L'origine di questo vitigno è stata oggetto di dibattiti e convegni a livello locale a partire dagli anni 2000.[5][6][7] La sua coltivazione è ampiamente documentata a partire dalla seconda metà dell'Ottocento,[8][9][10] ed è generalmente considerato un'antica varietà originaria dell'area dei Monti Sibillini.[11] L'enologo Alberto Mazzoni, riprendendo da Molon, sostiene che le sue caratteristiche sono quelle di una varietà «di antica coltivazione» delle regioni Abruzzo, Lazio, Marche ed Umbria «ritenuto comunque un vitigno italico di origine marchigiana».[3] Non sono chiare le origini del suo nome, il quale potrebbe avere origini bucoliche: secondo alcuni studi sembrerebbe derivare dal fatto che le pecore condotte al pascolo nelle alte zone del fiume Tronto trovassero appetibili gli acini d'uva.[12]

La prima fonte documentale risale all'anno 1526 ed è contenuta negli Statuti di Norcia (PG) dove si trova un riferimento a «vigne de pecurino»:

«Che chi ha vigne degano piantare lu canneto.
Item statuimo et ordinamo che per havere abundantia de pali per mantinire le vigne delli homini della terra de Norsia, suo contado, et districto, tucti et singoli homini della dicta terra et suo districtio che hanno le vigne de pecurino nel dicto districto sieno tenuti et degano, per fino ad dui anni da numerarse dal dì della publicatione dello presente statuto, piantare et ponere nelle loro vigne o possessioni admino mezo staro de canne et epse da poi continuamente mantenere ad pena de cento soldi per ciaschuno che contrafarà.
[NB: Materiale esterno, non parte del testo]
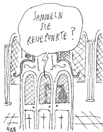
© Hauck & Bauer - „Ist das noch Entspannung oder schon Langeweile?“, Verlag Antje Kunstmann, 2018.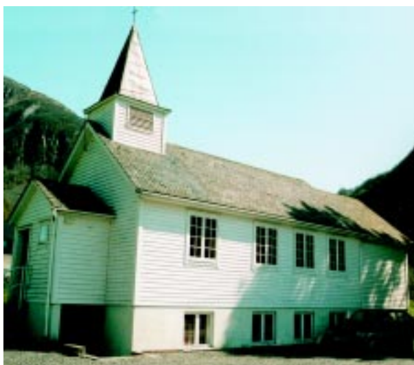
Frette kapell inst i Stordalen.

Det har vore bedehus på Frette sidan 1910, men i 1959 bygde ein ut bedehuset som då også vart vigsla som kapell. Altertavla er eit krusifiks som tidlegare stod i Stødle. Frette kapell høyrde til 1997 inn under Grindheim sokn. Kyrkjegarden for dei som soknar til Frette, ligg ved Grindheim kyrkje.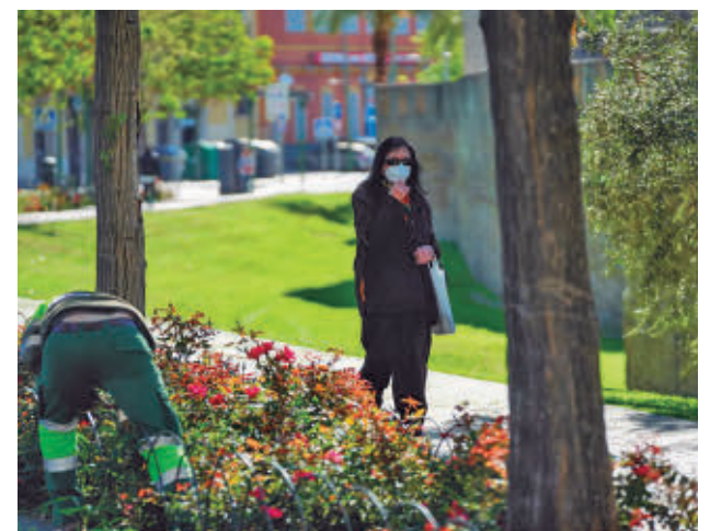
Las alergias se recrudecen con la contaminación E.P.

El estudio se ha hecho con los datos de las redes de calidad del aire y los servicios de alergología.

Et che nullo nelle dicte canne o canniti dega dare danno ad pena de dece soldi per ciascuna fiata. Et che ciascuno iurato sia tenuto repportare quilli che daranno damno nelle dicte canne pena de soldi dece.»

Questa norma obbligava chiunque fosse proprietario di un vigneto di pecorino nella Terra di Norcia e suo Contado e Distretto a dover piantare un canneto per impiegare le canne come sostegni adatti a sorreggere i filari. Inoltre prevedeva la pena di 10 soldi per chiunque procurasse danno ai vigneti, specificando che ogni testimone era tenuto a dare informazioni su coloro che avessero procurato la rovina delle canne a pena di 10 soldi. La statuizione aveva validità sull'intero territorio sottoposto alla giurisdizione norcina che all'epoca comprendeva anche la Terra d'Arquata e le sue ville. Quest'ultime costituivano l'unica annessione alla città umbra dall'anno 1497.[13][14]
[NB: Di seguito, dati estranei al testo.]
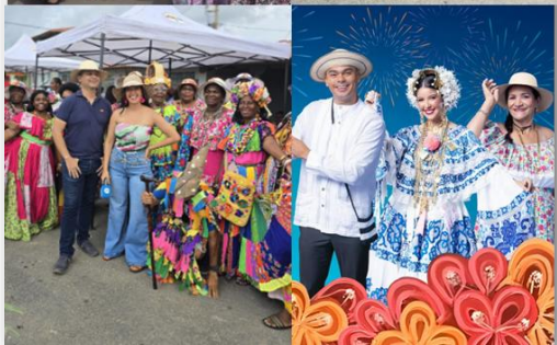
Imagen con fin ilustrativo

Nel XIX secolo, con la sistematizzazione dell'ampelografia viene redatto il primo bollettino esaustivo delle varietà di vitigni della penisola, pubblicato nel 1876 dal Ministero d'Agricoltura, Industria e Commercio, che rende noti i risultati dell'analisi eseguita nel 1875; i comuni che segnalano la presenza di vitigni pecorini sul proprio territorio sono molti, distribuiti fra le province di Pesaro, Ancona, Macerata e Teramo.[15] Nella provincia di Ascoli Piceno, attualmente area di maggior produzione, il vitigno non è citato fra le varietà maggiormente diffuse.[16] Tuttavia, la denominazione di un vitigno pecorino bianco si trova nella tabella della provincia di Ascoli dove sono riportate le notizie della cultivar descritto come: «uva di montagna favorita dal signor conte Adriano Gallo», noto proprietario di immobili e terreni coltivati a vigneto nel comprensorio di Arquata del Tronto[17] membro della commissione ampelografica di Ascoli Piceno.[18]

Nel corso del XX secolo la sua coltivazione si ridusse ad aree molto limitate, quali la valle di Arquata del Tronto e le zone pedemontane della provincia di Macerata[3].
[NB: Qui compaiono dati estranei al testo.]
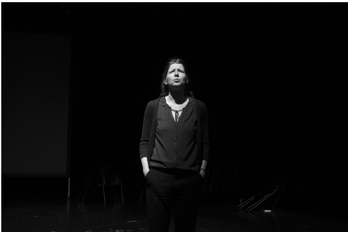
Résidence à Guy Ropartz, Rennes, mars 2018

Cécile propose ainsi une galerie remarquable de personnages fictifs, inventés, inspirés par les témoignages recueils.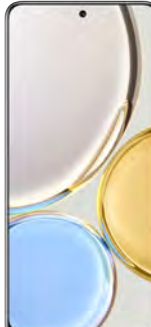
Honor Magic 4 LITE 29.41 EUR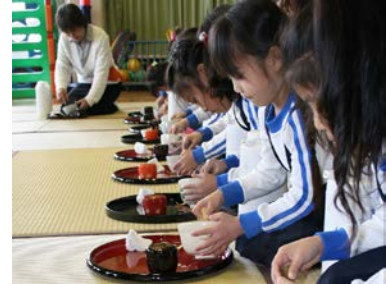
美育活動（茶の湯体験）

Nel 1970 il vitigno Pecorino (cod. 187) è stato iscritto presso il Registro Nazionale del Ministero dell'Agricoltura (G.U. 149 - 17/06/1970) nel quale viene citato anche l'unico sinonimo ufficiale "Vissanello".

Dimenticato durante la fase di rinnovamento dei vigneti avvenuta negli anni ’70, il pecorino era rimasto confinato nei vecchi impianti delle zone pedemontane di Ascoli Piceno e Macerata ed è stato riscoperto[1] da Guido Cocci Grifoni negli anni Ottanta nella frazione di Pescara del Tronto, dove si trovavano antichi vigneti sopravvissuti alla fillossera.[19] È stato reintrodotto a partire dal 1984 nella provincia di Ascoli Piceno ed in diverse località marchigiane ed abruzzesi[20].

Alcune accessioni di Pecorino sono sopravvissute al periodo fillosserico franche di piede in virtù del fatto che venivano coltivate in alcuni particolari terreni isolati e/o tendenzialmente sabbiosi dove l’afide non era in grado di riprodursi.

Nell’azienda Guido Cocci Grifoni la prima produzione di vino ottenuto da uve Pecorino vinificate in purezza risale al 1990. Grazie alla prima opera di valorizzazione dell’azienda Cocci Grifoni il vitigno si è diffuso rapidamente nell’area di Offida e nei comuni limitrofi fino ad arrivare ad essere tra i più rappresentativi del territorio regionale con oltre 1000 ettari coltivati. Guido Cocci Grifoni, grazie alla riscoperta ed alla valorizzazione del Pecorino, avvia il dibattito sulla coltivazione dei vitigni autoctoni sul territorio regionale in contrapposizione ai vitigni internazionali, come Chardonnay e Sauvignon.

Nel giro di un decennio, i positivi riscontri del mercato e la peculiarità di questo vino iniziarono a destare interesse, inducendo un numero crescente di aziende a intraprendere la coltivazione. Con il recupero del Pecorino, vitigno autoctono italico in via di estinzione, si contribuì a salvare un patrimonio di tipicità dal profilo storico-produttivo fortemente legato al territorio.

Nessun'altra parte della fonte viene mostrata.